Radiation therapy (RT) can increase tumor antigen presentation and recruit immune cells, making tumors more susceptible to ACT. Preclinical studies have demonstrated that localized RT can improve CAR T-cell infiltration and effectiveness by inducing immunogenic cell death and enhancing neoantigen expression [6].

Oncolytic viruses (OVs) selectively infect and kill tumor cells while stimulating an immune response.
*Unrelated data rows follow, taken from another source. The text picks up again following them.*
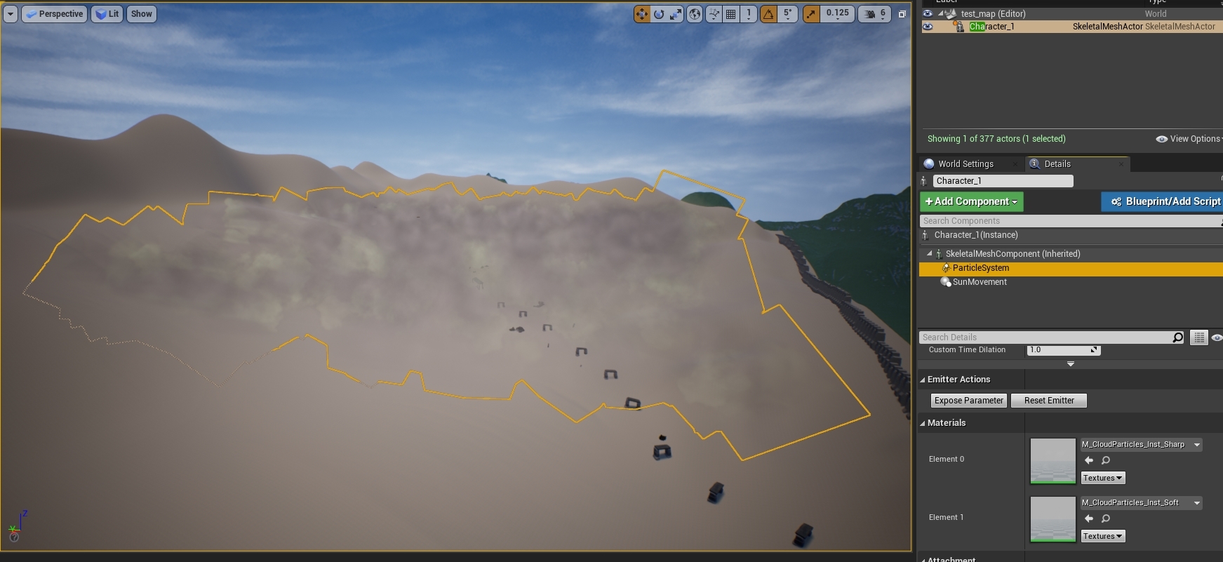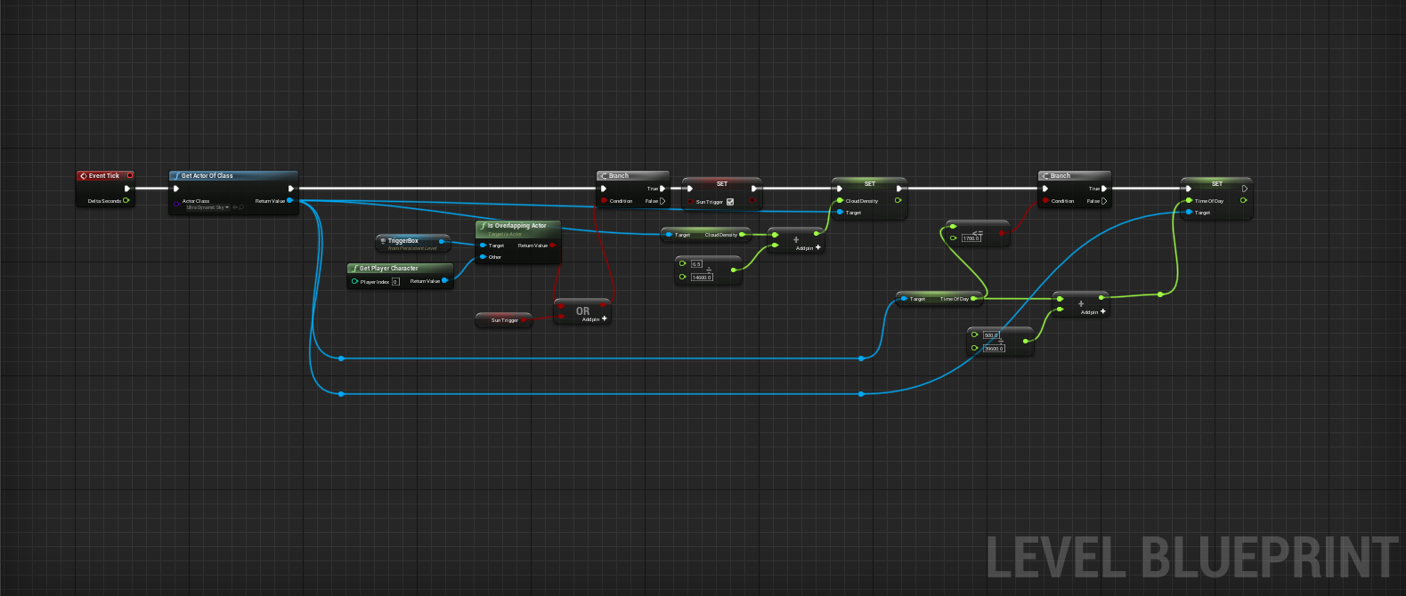 Me and Asher have added a system from the Ultra dynamic sky component in the level blueprint that changes the cloud density as the player progresses through the game. In the sand dunes the sun is fully exposed which matches the sun movement component. The player hits a trigger box after the sand dunes that slowly increases the cloud density so when they reach the rain trigger box, visually, the rain starts when their is dense clouds. this is subtly enough that can go unnoticed but if noticed adds well to the overall dynamic weather that is at the games core.
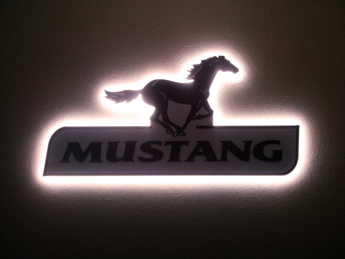 Изготовление вывески с контражурным свечением. Интерьерный логотип для ТМ "MUSTANG".
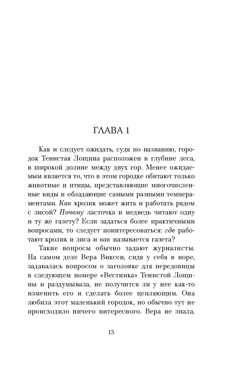 Жизнь в Тенистой Лощине налаживается после ужасных преступлений. Жителям нужны исключительно хорошие новости и, конечно же, сплетни, которые поднимут им настроение. Но шустрая лиса-журналистка Вера Виксен уже соскучилась по сенсационным заголовкам! И нюх подсказывает ей, что скоро обязательно что-то случится. Так и происходит, когда в Холодных Садах кролики натыкаются на зарытые кости…
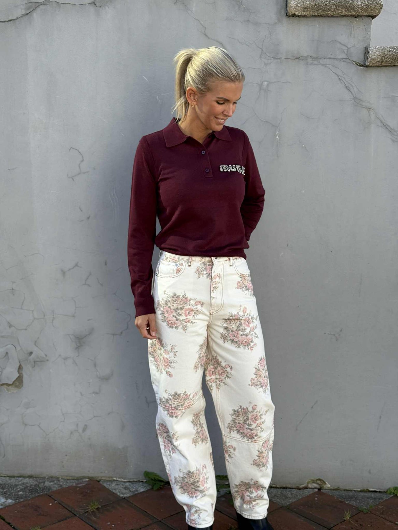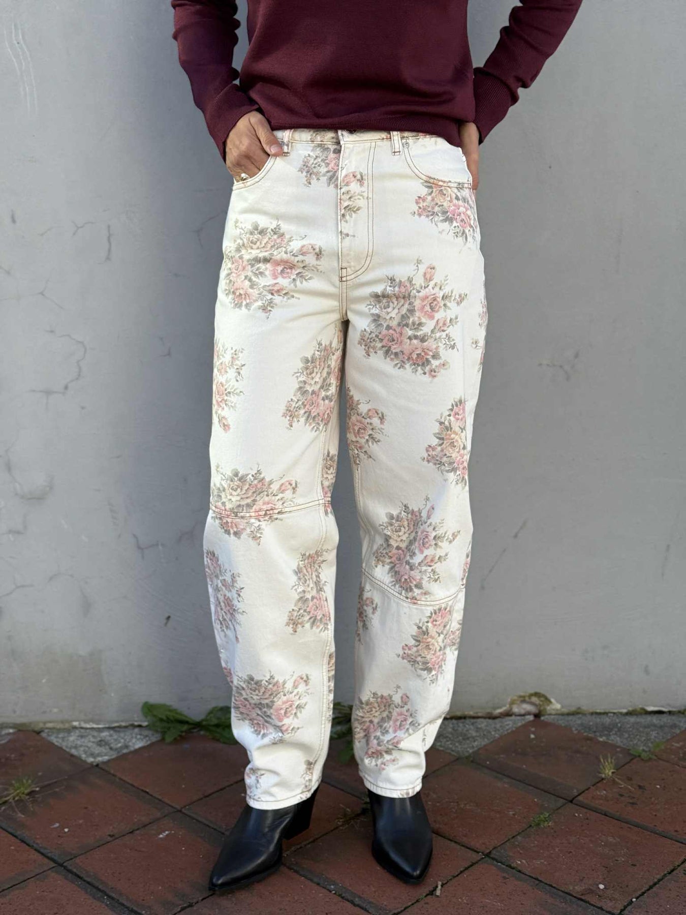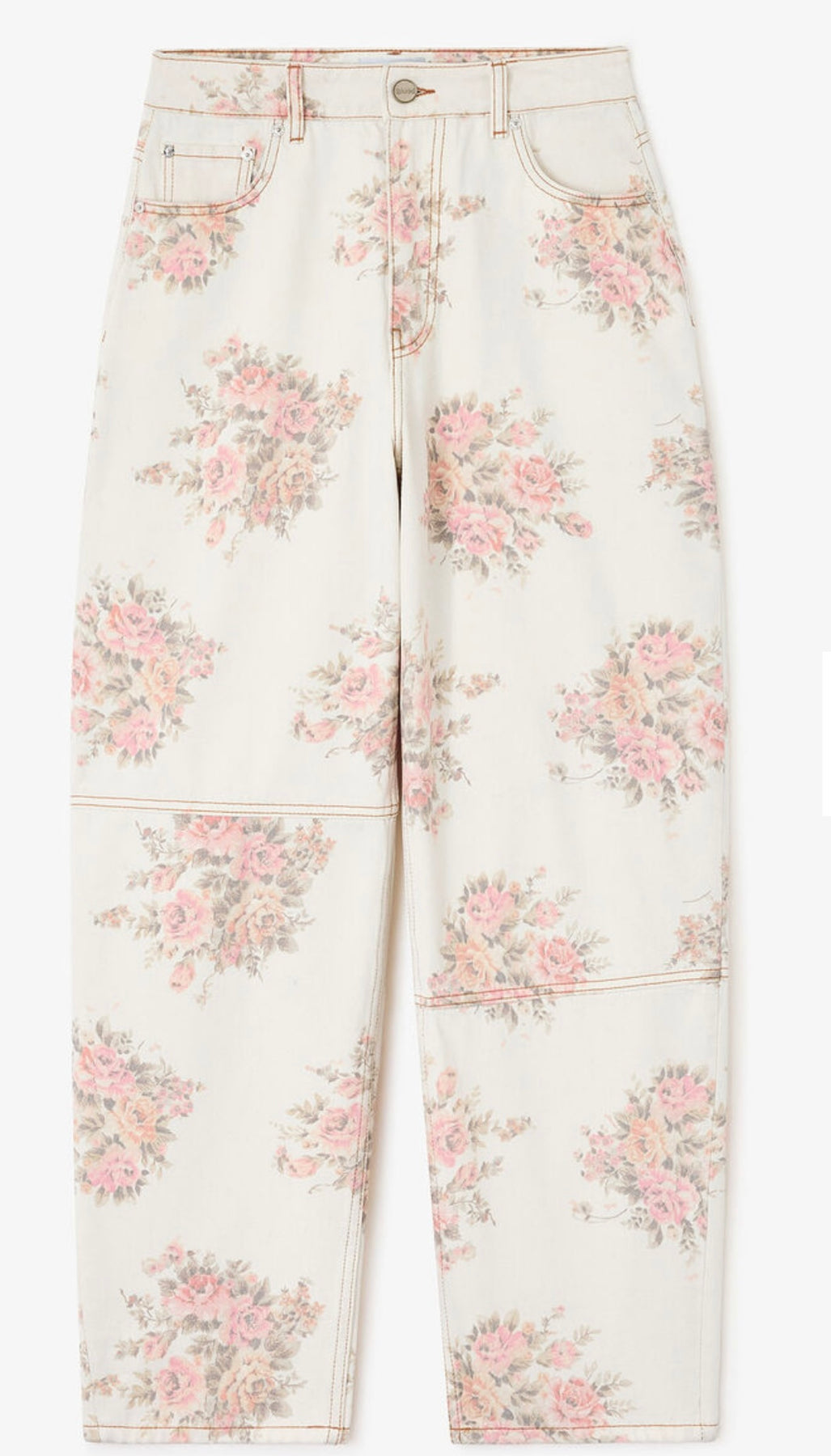 Denne jeansen med blomstertrykk har knapp- og glidelåslukking, fem lommer, beltehemper og et GANNI-logomerke på baklommen.

OVs can enhance ACT efficacy by modulating the TME, increasing antigen release, and promoting immune cell infiltration. Clinical trials combining OVs with CAR T-cell therapy have shown improved tumor regression and prolonged responses in solid tumors [7].

The metabolic state of T cells plays a crucial role in their persistence and function. Enhancing mitochondrial function and glucose metabolism can improve T-cell survival. Strategies such as the use of metformin or PGC-1α overexpression have been explored to enhance CAR T-cell function, leading to improved responses in preclinical studies [8].

Epigenetic reprogramming can enhance T-cell function and tumor recognition. Histone deacetylase (HDAC) inhibitors and DNA methyltransferase inhibitors have been investigated to improve the efficacy of ACT by increasing tumor antigen expression and T-cell persistence [9].

Bispecific T-cell engagers (BiTEs) can direct T cells to tumor cells by recognizing two different antigens simultaneously. Combining BiTEs with ACT can enhance tumor recognition and elimination, especially in tumors with antigen heterogeneity. Nanotechnology-based drug delivery systems have been explored to enhance ACT. Nanoparticles carrying immune-stimulating molecules, cytokines, or checkpoint inhibitors can improve T-cell activation and targeting [10].

Conclusion

Combination therapies represent a promising strategy for overcoming ACT’s limitations and improving its clinical efficacy. Integrating immune checkpoint inhibitors, cytokine support, targeted therapies, radiotherapy, oncolytic viruses, metabolic reprogramming, and other innovative approaches can enhance ACT’s durability and response rates. Continued research and clinical trials are essential to optimize these combinations and develop personalized treatment strategies.